The "religious" view of much of what the authors would call (with perfect comfort) "public morality", in the area of marriage, would lead to something like this: Married couples need a sense of reverence for their commitment from the outside world, and the freedom that some people claim to succeed in life outside of the marital model for adulthood creates a serious, perhaps fatal distraction. Furthermore, everyone owes something of the emotional commitment that made their lives possible back to others (unless they were abandoned themselves). This view of things refuses to look a family morality in terms of usual calculations about "individual rights" and concomitant personal responsibilities, as a libertarian or rationalist would see them.

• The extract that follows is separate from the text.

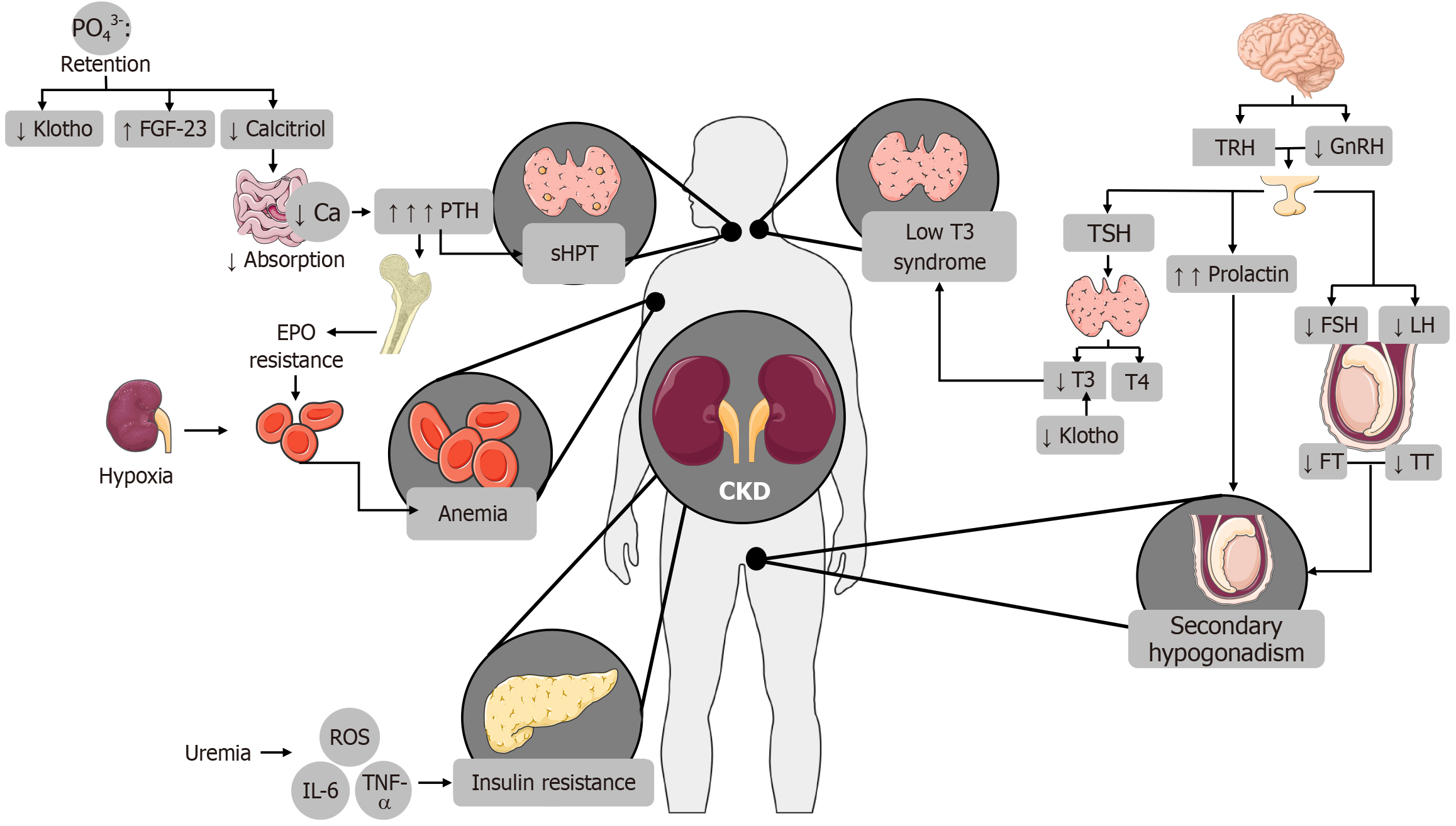 Overview of the mechanisms underlying the main endocrine pathways affected in chronic kidney disease. CKD: Chronic kidney disease; PO43-: Phosphate; FGF-23: Fibroblast growth factor 23; PTH: Parathyroid hormone; sHPT: Secondary hyper parathyroidism; EPO: Erythropoietin; ROS: Reactive oxygen species; IL-6: Interleukin 6; TNF-α: Tumor necrosis factor alpha; Ca: Calcium; TSH: Thyroid-stimulating hormone; TRH: Thyrotropin-releasing hormone; T3: Triiodothyronine; T4: Thyroxine; GnRH: Gonadotropin-releasing hormone; FSH: Follicle-stimulating hormone; LH: Luteinizing hormone; TT: Total testosterone; FT: Free testosterone.

Here, I'm struck with the past attitudes of the religious right toward people with introverted personalities, which religious people view as "self-serving"; yet we know that personality is itself strongly influenced by biology and genetics. The extreme endpoint of introversion is perhaps something like autism (medically that idea could be challenged). In the 80s, religious author Tim La Haye gratuitously characterized the male homosexual as afflicted with a "melancholy personality" (the "Tchaikovsky syndrome") which clinically has a lot to do with "feminine polarity" and introversion. In her "opposing viewpoint" counterpoint to my essay (on teaching about homosexuality in public schools) in the book "Teenage Sexuality" (review link), religious writer Linda Harvey wrote about "homosexual feelings" as essentially malignant, as if to suggest existential arguments that loyalty to one's own biology (a desire to procreate) is an essential part of "reverence for life" and an important counter to the hardships that the external world ("God") would impose on those who try to follow their own choices.

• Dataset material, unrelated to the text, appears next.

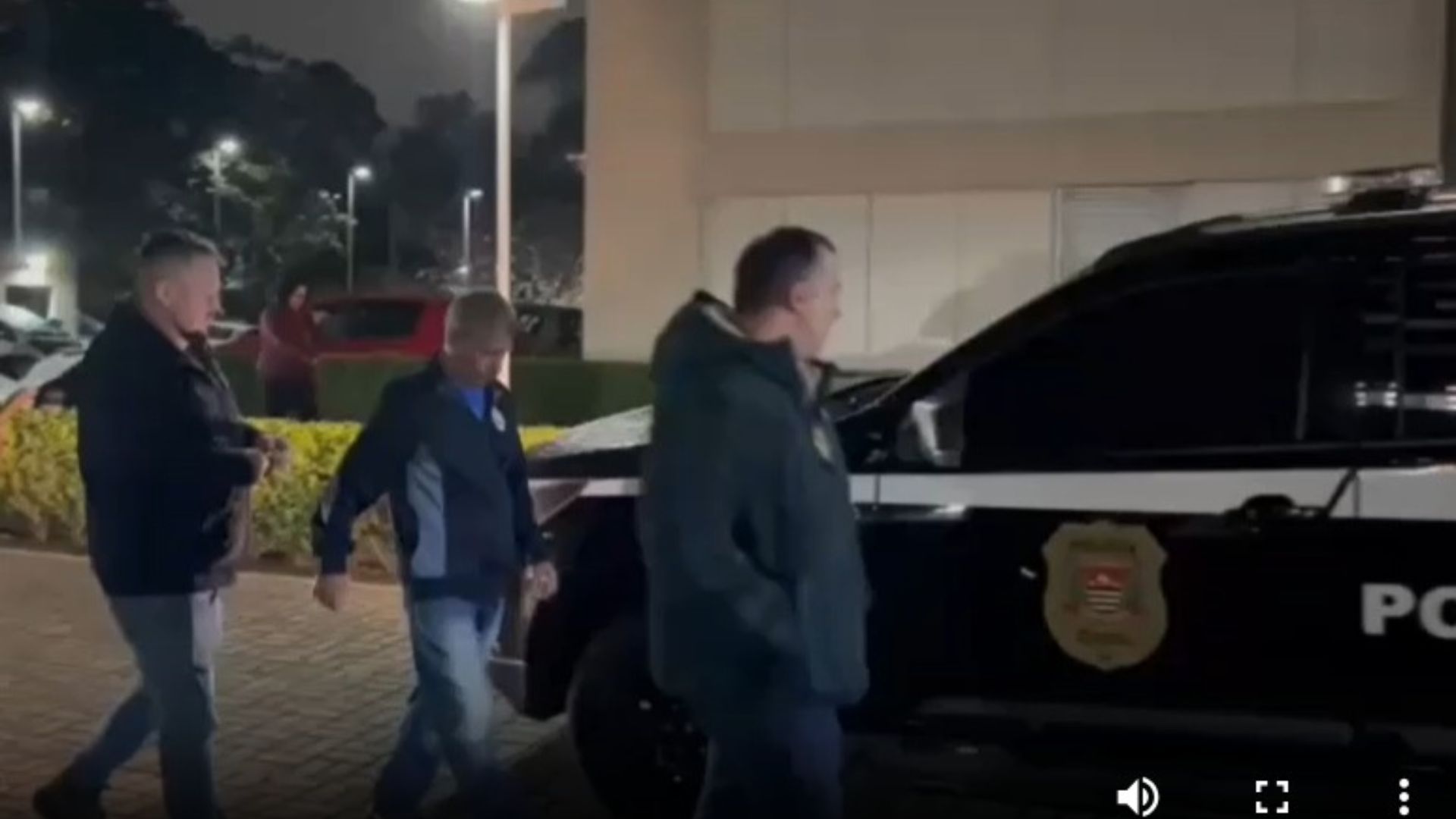 Um vídeo divulgado pelas autoridades mostra o momento da prisão de João Roque, que foi conduzido para a delegacia em uma viatura policial.

But this idea, that people have a moral obligation to outgrow "utilitarian" adolescence and connect to people on an emotional level related to real needs, is a point of view worth noting. The “law of karma,” if one looks to that as some sort of common denominator for social justice, does mean that people will return some of the caregiving and connectivity given to them, whether they had their own kids or not; and this can be very difficult for those who remain emotionally separated. The religious position on this seems to be, that not everyone gets to "self-actualize" before becoming parents and agreeing to the emotional commitments (and sometimes limitations) of family life. Yet, much of the progress of our modern world depends on the freedom of people to act largely on their own and implement their own visions. That’s not possible without recognizing personal autonomy. The religious views surrounding the family sometimes seem blind or oblivious to the involuntary sacrifices of personal freedom (from those not interested in socializing themselves this way) that these views demand. It’s a perfect moral storm.